La phase de nucléation est suivie d'une phase de croissance ou d'élongation. In vitro, la vitesse d'élongation de MT nucléés sur un centrosome est fonction de la disponibilité de la tubuline-GTP soluble
(fig. 6.2A gauche).
Remarque
À concentrations très élevées (> 20 μM), une nucléation spontanée donne
naissance à des MT indépendants du centrosome.
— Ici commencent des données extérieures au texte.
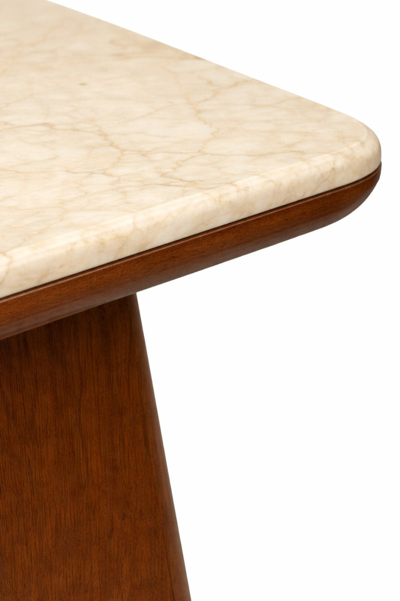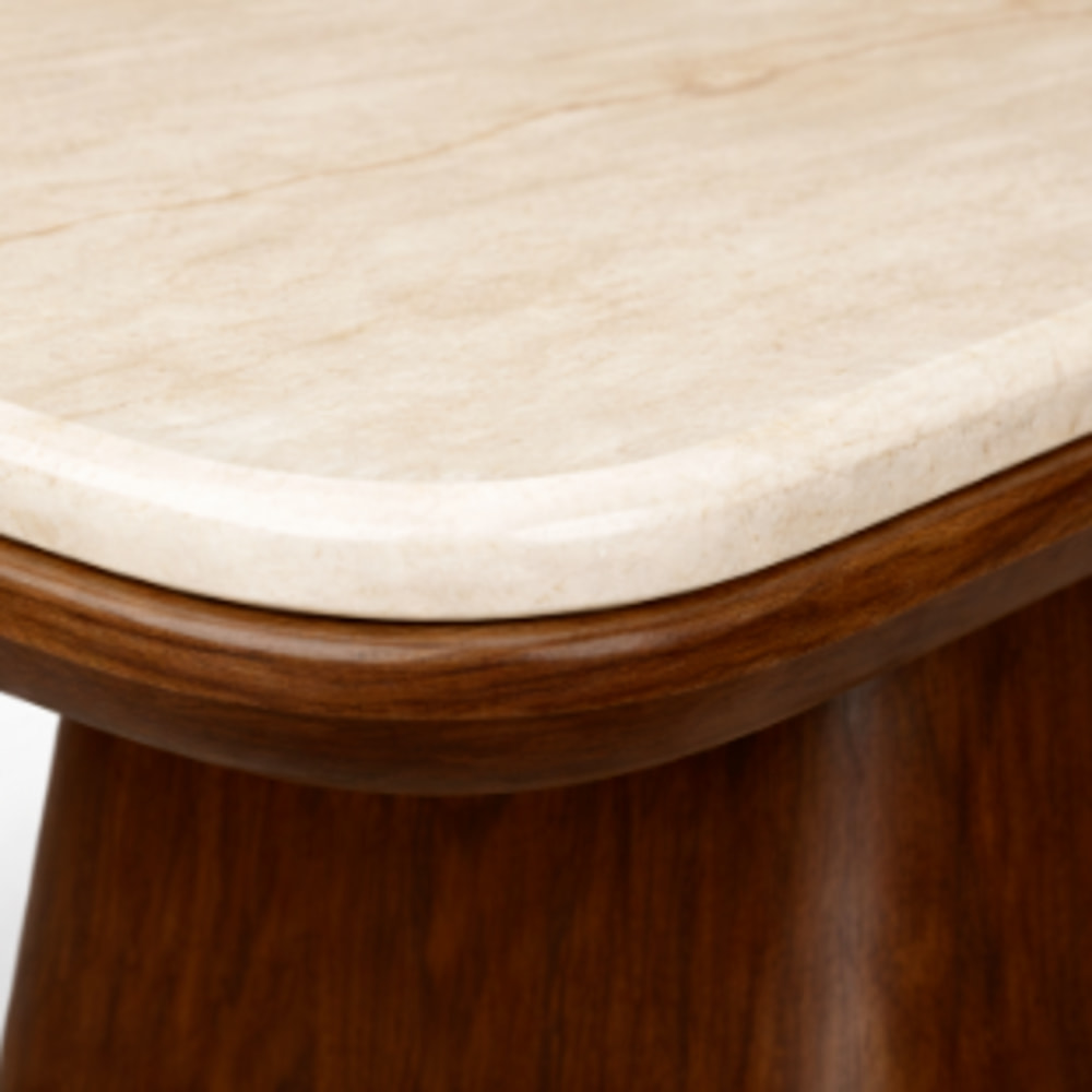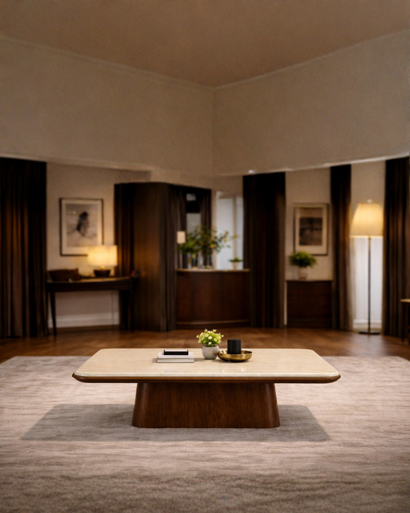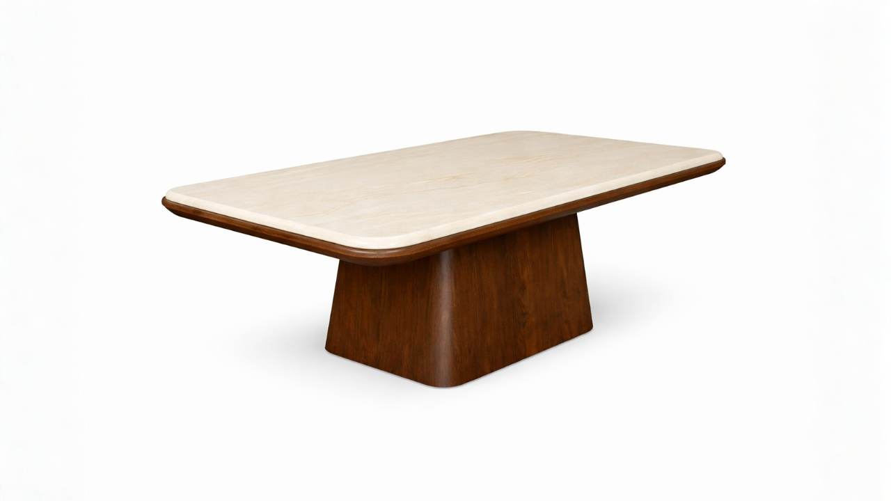 Madeza Coffee Table – A contemporary coffee table featuring a smooth light-toned top paired with a bold, sculpted wooden base for a refined and balanced look. Its clean lines and solid form create a warm, sophisticated centerpiece perfect for modern living spaces.
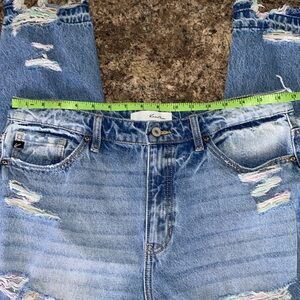 Kancan Distressed Skinny Jeans Raw Hem High Rise. Women’s Size 30. Great pre-owned condition! Pastel multi-colored threads accents. Material: 100% Cotton. Measurements: Front rise 11,” Waist lying flat 16.5,” Inseam 26.”
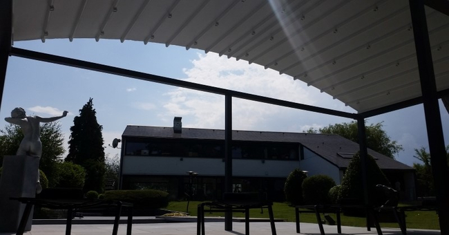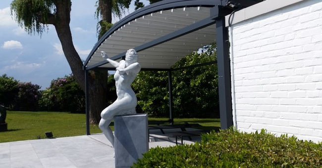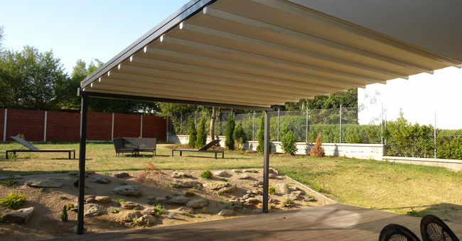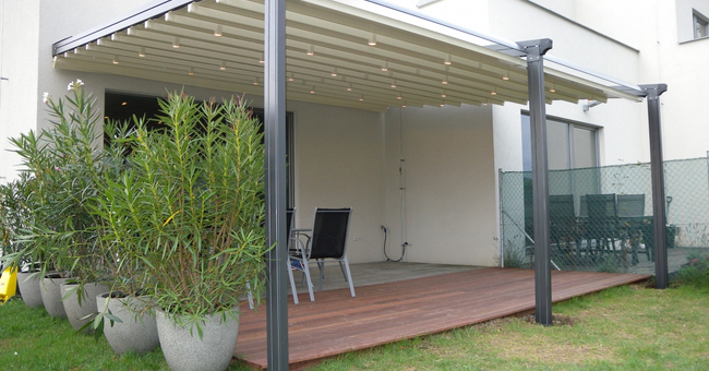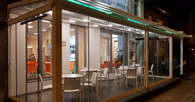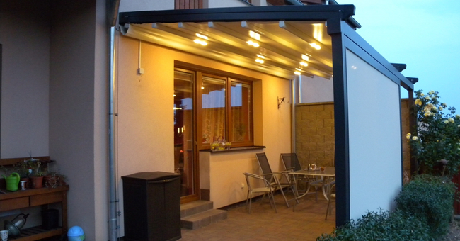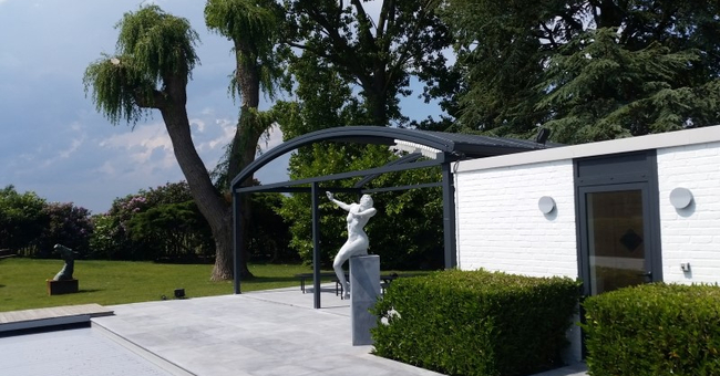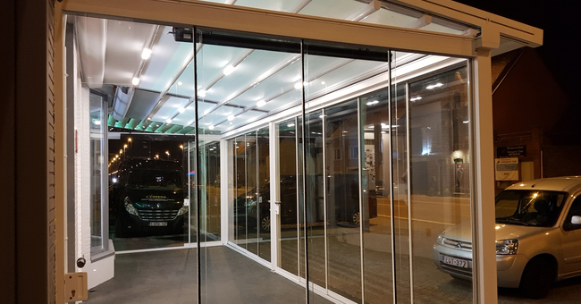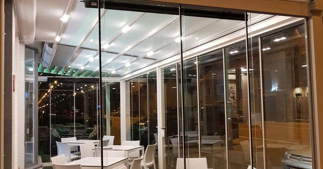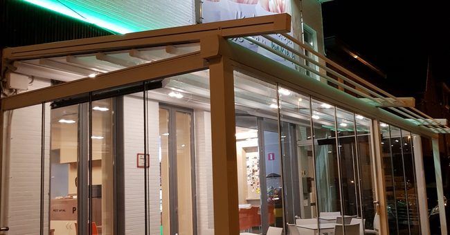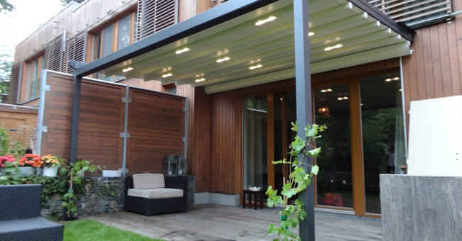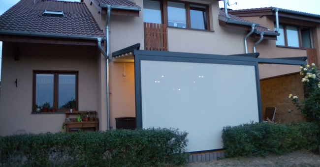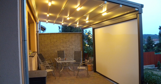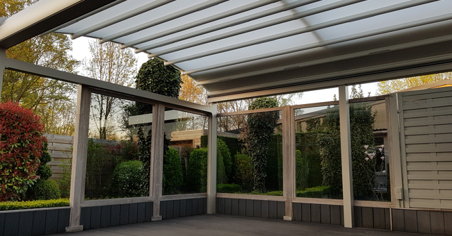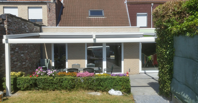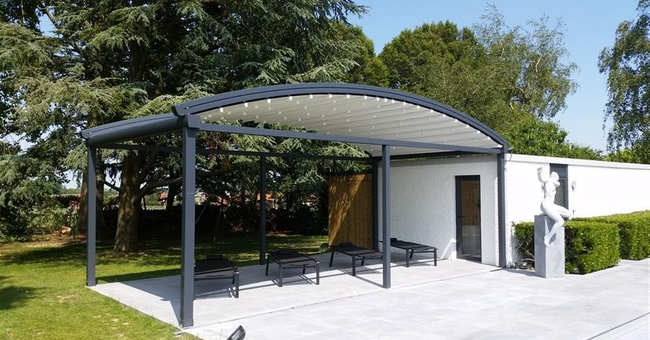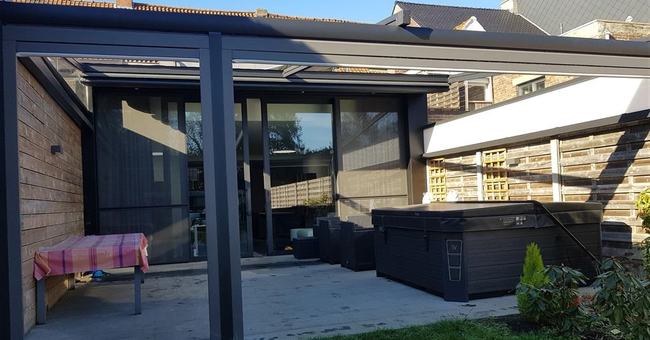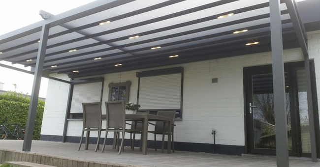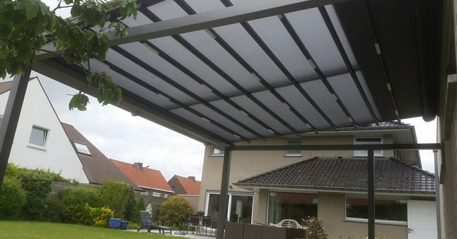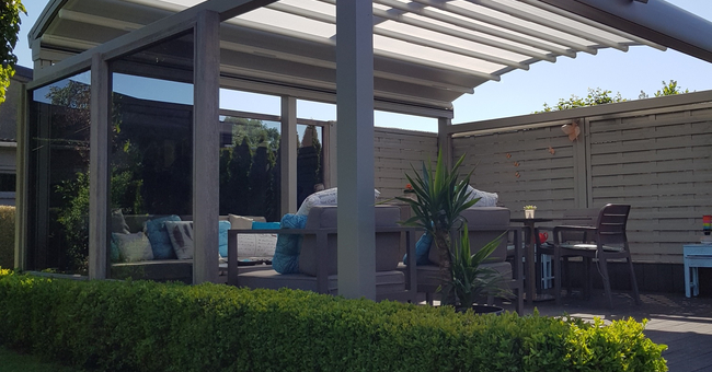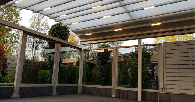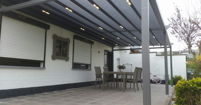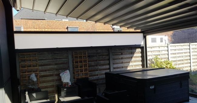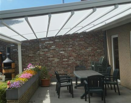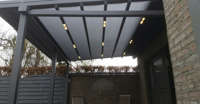 Systeem op maat gemaakt.Zowel vrijstaande als muurmontages mogelijk. Afmeting uit één stuk: breedte tot 13 meter bij 10 meter uitval en 130 m² overdekking.Windweerstandsklasse tot 11 Beaufort (tot 117 km/u).Geïntegreerde LED-verlichting is mogelijk (optioneel) met dim-optie en afstandsbediening.Eenvoudige montage, op maat gemaakt systeem in hoogkwalitatief geëxtrudeerde aluminiumprofielen,waterbestendig doek.Ook verkrijgbaar met waterbestendig transparant doek.Het systeem is uitgerust met geïntegreerde waterafvoer.Personalisatie opties: HDD dimbare LED verlichting, aluminium-schuifpanelen, windvaste screens, glaswandpanelen schuivend of vouwend.
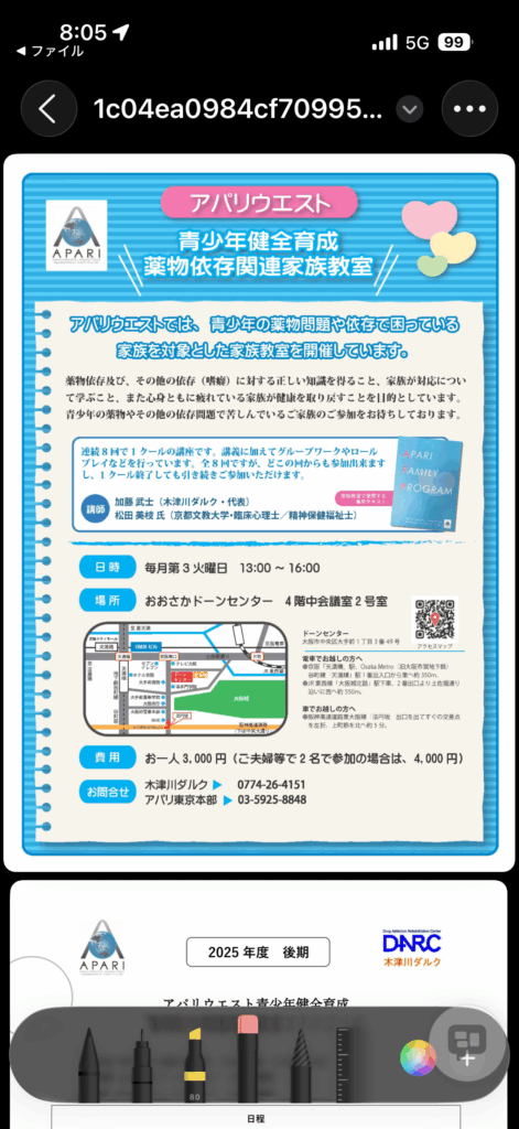 ■アパリウエスト家族教室 アパリウエスト家族教室2025年後期日程 アパリウエストでは、薬物の問題で困っている家族を対象とした家族教室を開催しています。 薬物依存等... -
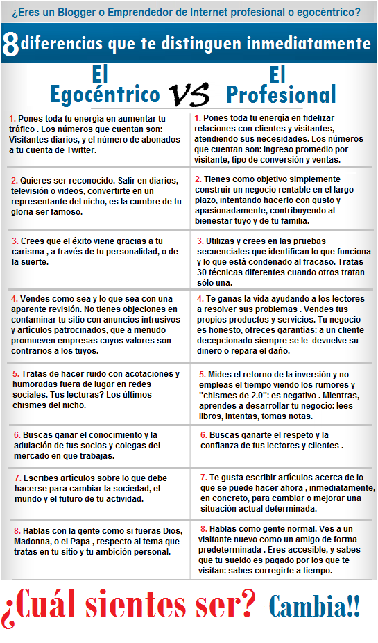 Una infografía que pregunta si ¿Eres un blogger o emprendedor de Internet porfesional o eres ególatra? Vía maeteriablogger.com
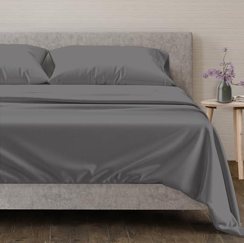 Mayfair Linen 100% Egyptian Cotton Queen Size Sheet Set - 4 PC 600 Thread Count Egyptian Cotton Sheets Set for Queen Size Bed (Dark Grey), Soft, Cooling, Luxury Hotel 16" Deep Pocket Sateen Bedsheet
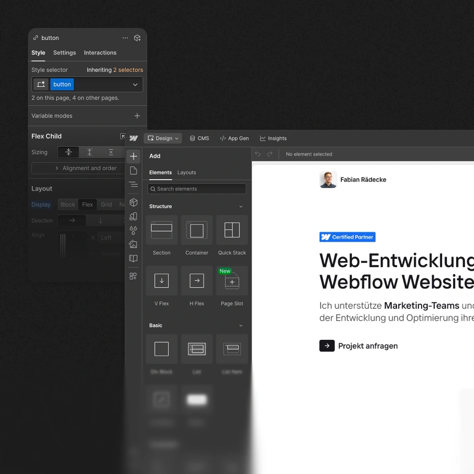 Seit über 6 Jahren arbeite ich täglich mit Webflow und unterstütze Marketing-Teams und Agenturen dabei, ihre Website effizient und zuverlässig umzusetzen.
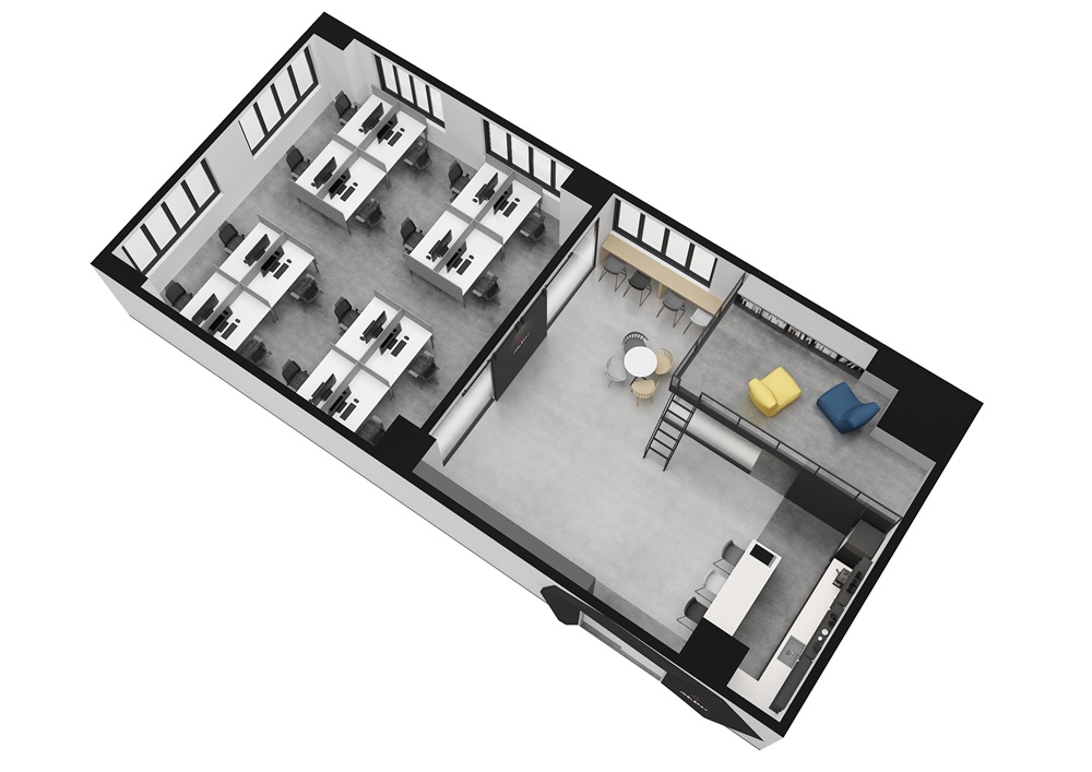 지식산업센터 특성상 층고가 높기 때문에 복층 공사를 제안드렸고 그에 맞는 화이트블랙 스타일을 적용해 디자인해드렸습니다. 자유로운 분위기의 이 회사는 고객의 요청에 따라 개별 사무 공간을 줄이고 직원들을 위한 공간 구성에 포커스를 맞춘 인테리어입니다. 기본적인 공간의 레이아웃은 오픈된 공간 구성이지만 업무의 효율성을 위해 사무 공간과 휴게 공간을 나눠 문을 계획해 개방성과 독립성을 부여했습니다.

À la concentration critique, la vitesse d'assemblage nette s'annule. À
des concentrations inférieures, elle devient négative : la dilution favorise
le désassemblage des MT. Des tracés semblables peuvent être obtenus
pour les extrémités (+) et (−) (fig. 6.2A droite). La concentration critique
du bout (+) est plus faible que celle du bout (−). Dans une cellule, la
tubuline est à une concentration de 5 à 10 μM soit entre les concentrations critiques des bouts (+) et (−). Ceci implique que l'extrémité (−) de
tout MT non lié au centrosome dépolymérise, alors que son extrémité
(+) peut croître.
C. Modalités de la dynamique microtubulaire
1. Instabilité dynamique
Le comportement des MT caractéristique de leur bout (+) est l'instabilité dynamique (fig. 6.2B haut). Elle consiste en une alternance de
phases de polymérisation et de dépolymérisation qui opèrent indépendamment pour chaque MT. L'historique de longueur d'un MT au
cours du temps permet de visualiser ces phases, de situer les transitions (catastrophes vers le désassemblage et sauvetages vers la croissance). Dans la cellule, un MT nouvellement nucléé croît sans accident
jusqu'à la périphérie cellulaire où il peut entrer en instabilité dynamique pendant quelques centaines de secondes et finit par se désassembler complètement. Ceci permet aux MT d'explorer le cytoplasme
en le parcourant depuis leur site de nucléation jusqu'à la périphérie
cellulaire sous la MP.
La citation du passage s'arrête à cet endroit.